As we pass with the gracious addition of one more day into the month of March, it truly is feeling like we are entering maaliskuu (Finnish for earthy month as the earth starts to show from under the snow). The weather is balmy by all comparisons, the ground is moist and losing its tundra-like temperatures, and the deciduous trees are beginning to unfurl their ends into pollen releasing wonders. To say nothing about the Juniper (Ahh-chooo!).
The Ides of March, St. Patricks Day, the Vernal Equinox, and Easter will all be upon us just as quickly as ever.
It's been quite a week.
Between getting sick while traveling, returning home to extremely sick children, and thinking that this is now the second trip of the season where timing has been horrible, I've spent some serious time wondering why sickness is necessary at all.

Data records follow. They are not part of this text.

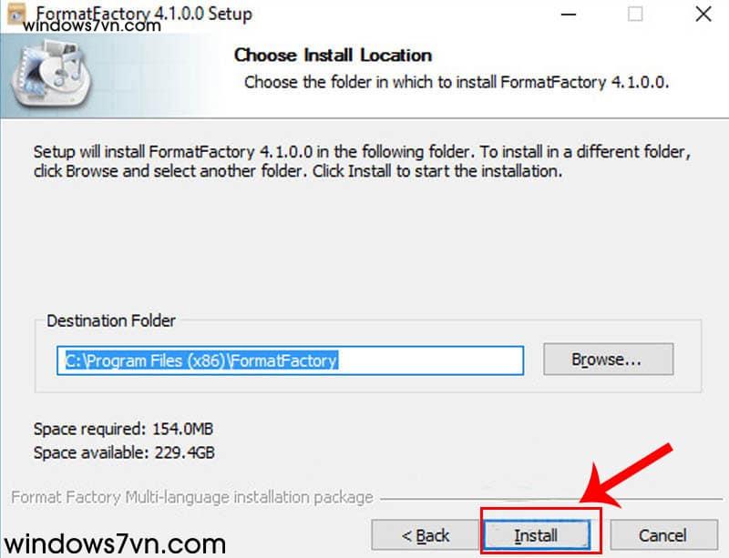 Bước 5 : Chọn thư mục mà bạn muốn cài đặt Format Factory, sau đó nhấn “Next” để tiếp tục.
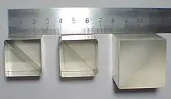 En su forma más común, un cubo, está compuesto por dos prismas de vidrio triangulares que están pegados por la base usando bálsamo de Canadá. El grosor de la capa de resina es ajustado para que —a una cierta longitud de onda— la mitad de la luz incidente en una "puerta" (es decir, una cara del cubo) sea reflejada y la otra mitad sea transmitida. Los beam splitter polarizadores, tales como el prisma de Wollaston, usan materiales birrefringentes, dividiendo la luz en rayos de diferente polarización.
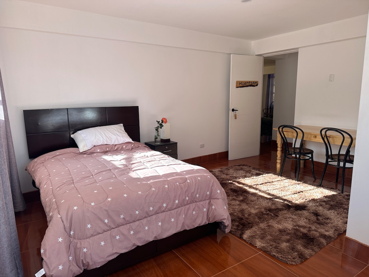 Disfruta de la la comodidad de 1 habitacion amplia habitacion . con excelente ubicación (a 12 minutos caminando y 4 minutos en carro de de la Plaza de Armas) ; cálida, acogedora, cuenta con 1 baño privado, con agua caliente las 24 horas , smart tv 35', cable premium, Wi-Fi.. harán muy agradable tu estadía. Te brindamos útiles de aseo y recojo a la estación de bus, vendre a darte la bienvenida y a recibirte con un cálido abrazo,
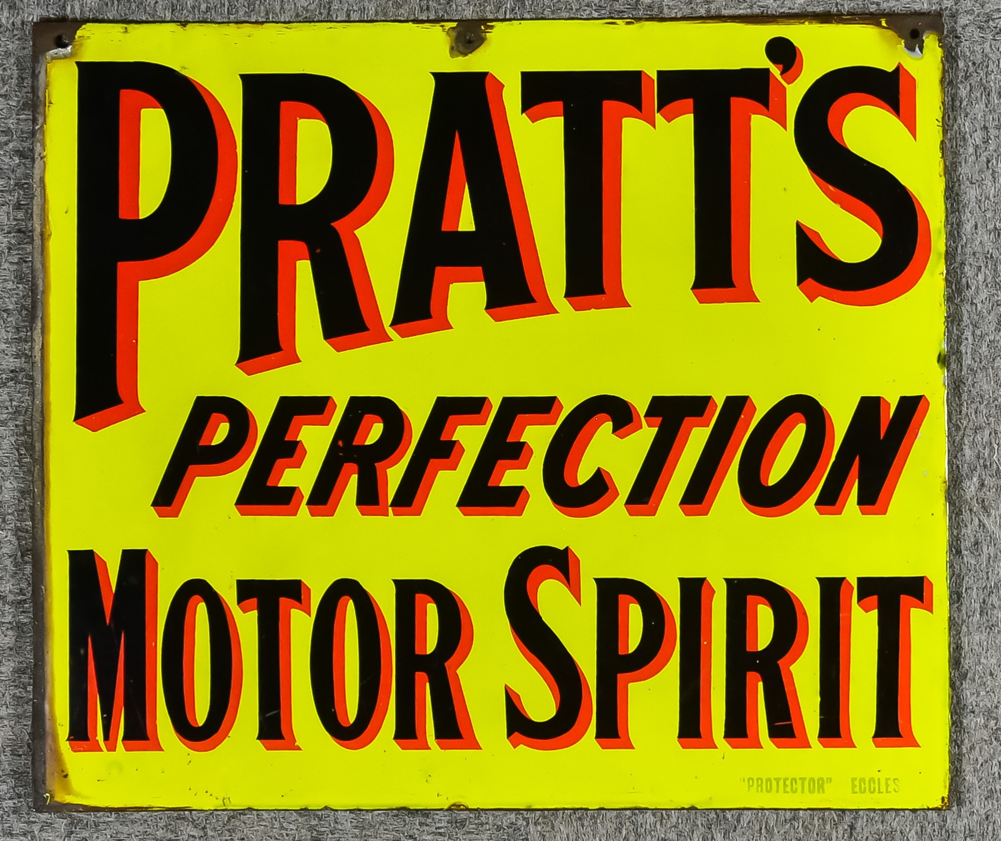 A Double-Sided Enamel Advertising Sign, Late 19th/Early 20th Century, for 'Pratt's Perfection Motor Spirit' marked "'Protector' of Eccles", the yellow ground with black and red lettering, 21ins x 18ins

I grew up with a mother who believed that to say "I'm sick" was to accept the plight of sickness for the time it took for the sickness to come in, arrive in the body, set up camp, do its business, decide to move out, and for health to once again arrive. It was suggested to me to never say "I'm sick." In fact it was suggested that I never even say things like "I'm sick and tired of..." because even such a benign statement as that could invite sickness into the body, which would thus overrun and cause all sorts of maelstrom-like activities to occur within the body.
Interestingly, as I've aged, and been sick many more times than I can count (fortunately nothing beyond the normal sick stuff...), this advice has managed to get stuck in my psyche. When the first twinges of illness show their nasty little tendrils, instead of saying, "I feel awful" or "Uh oh, here it comes, that nasty crud that's been going around," my first instinct is to say "I WILL NOT GET SICK!!!!!" Followed by a whole slew of curse words in my head.
Being a Mama, getting sick is akin to being chained to floor and having your children jump on your stomach endlessly, so essentially, getting sick is not an option, at least not for more than a few minutes. When it really happens, God forbid, then may blessings fall at the feet of the Mama at hand so that life can progress forward without any ill effects.
This advice my Mother doled out while I was a kid who was secretly hoping for sickness so as to avoid that mandatory necessity called school ,has actually proven effective. At least in comparison to others I know. On average, I've found that my illnesses last fewer days than those around me (non-mothers, of course). Of course this may be attributed to the arsenal of herbs and other supplements that I flood my bloodstream with, but I tend to take the superstitious view and place the result on my attitude.
With all that, I'm thankful that for today, at least, during this lovely pre-spring day, I was feeling better, even while nursing my little ones back to health.
Now those gardens are another topic...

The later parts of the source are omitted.